We use the LassoCV method to perform 5-fold cross-validation to choose \(\lambda\):

from sklearn.linear_model import LassoCV

lasso_cv_model = LassoCV(
    alphas=np.arange(0.01, 1, 0.01), cv=5, max_iter=100000
)

Notice that we have specified a maximum number of iterations because the minimization uses numerical optimization (see Chapter 20) to solve for the coefficients, and we have placed a cap on the number of iterations to run to reach the specified tolerance for the optimal parameter. We’re ready to fit the model on the train set:

lasso_best = lasso_cv_model.fit(X_train_scaled, y_train)

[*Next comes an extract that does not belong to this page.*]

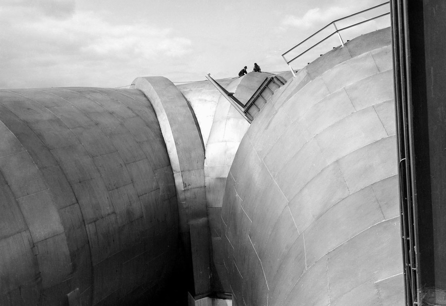 Read moreTwo men on top of the altitude wind tunnel at the NACA Aircraft Engine Research Laboratory, circa 1945. The tunnel was a massive rectangular structure, which for years provided one of the highest vantage points of the laboratory. The tunnel was 263 feet long on the north and south legs and 121 feet long on the east and west sides. The larger west end of the tunnel, seen here, was 51 feet in diameter. #

Cross-validation has chosen the following regularization parameter:

lasso_best.alpha_
0.04

Next, let’s compute the MSE for predictions in the test set using this cross-validated model:

y_test_pred = lasso_best.predict(X_test_scaled)
mean_squared_error(y_test, y_test_pred)
1.0957444655340487

Let’s find how many coefficients are not 0:

sum(np.abs(lasso_best.coef_) > 0)
16

We next demonstrate how the ridge regression coefficients change with the penalty. Ridge regression uses an \( L_2 \) penalty, but otherwise the implementation is similar to lasso regression. As before, we try a range of \( \lambda \) values and then plot the coefficients to see how they change:

from sklearn.linear_model import Ridge

coefsR = []
alphasR = np.arange(1, 1001, 25)

for a in alphasR:
    ridge = Ridge(alpha=a)
    ridge.fit(X_train_scaled, y_train)
    coefsR.append(ridge.coef_)
../../_images/ms_regularization_39_0.svg

This plot shows a very different shape compared to the lasso coefficient plot. The coefficients do not disappear entirely. The plots do have an important similarity in that as the penalty increases, the coefficients shrink. In a way, with ridge regression, we are using all of the variables a little bit. For large \( \lambda \), many coefficients, while not 0, are quite small. For example, we can count the number of coefficients larger than 0.05 for \( \lambda = 600 \):

sum(abs(coefsR[24, :]) > 0.05)
13

Similar to lasso, many of the features have tiny coefficients.

Again, to select the best \( \lambda \) we can turn to cross-validation and use RidgeCV. We omit the details here because the approach is the same as LassoCV.

Using \( L_1 \) or \( L_2 \) regularization allows us to avoid model overfitting by penalizing large coefficients. \( L_1 \) regularization has the advantage of zeroing out coefficients; it performs feature selection by discarding the features with a coefficient of 0. This is particularly useful when working with high-dimensional data with many features. A model that only uses a few features to make a prediction runs much faster than a model that requires many calculations. Since unneeded features tend to increase model variance without decreasing bias, we can sometimes increase the accuracy of other models by using lasso regression to select a subset of features to use.

Note

Sometimes we prefer one type of regularization over the other because it maps more closely to the domain we are working with. For example, if we know that the phenomenon we are trying to model results from many small factors, we might prefer ridge regression because it won’t discard these factors. On the other hand, some outcomes result from a few highly influential features. We prefer lasso regression in these situations because it discards unneeded features. Both \(L_2\) and \(L_1\) serve as useful throttles to navigate between under- and overfitting.

Regularization, train-test split, and cross-validation all have the goal of reducing over-fitting. The problem with over-fitting comes from using data to both fit a model and estimate the model’s error in predicting new observations. In the next section, we provide further intuition for this idea.


1

Stan Lipovetsky and W. Michael Conklin (2015) Predictor relative importance and matching regression parameters. Journal of Applied Statistics, 42:5, 1017-1031.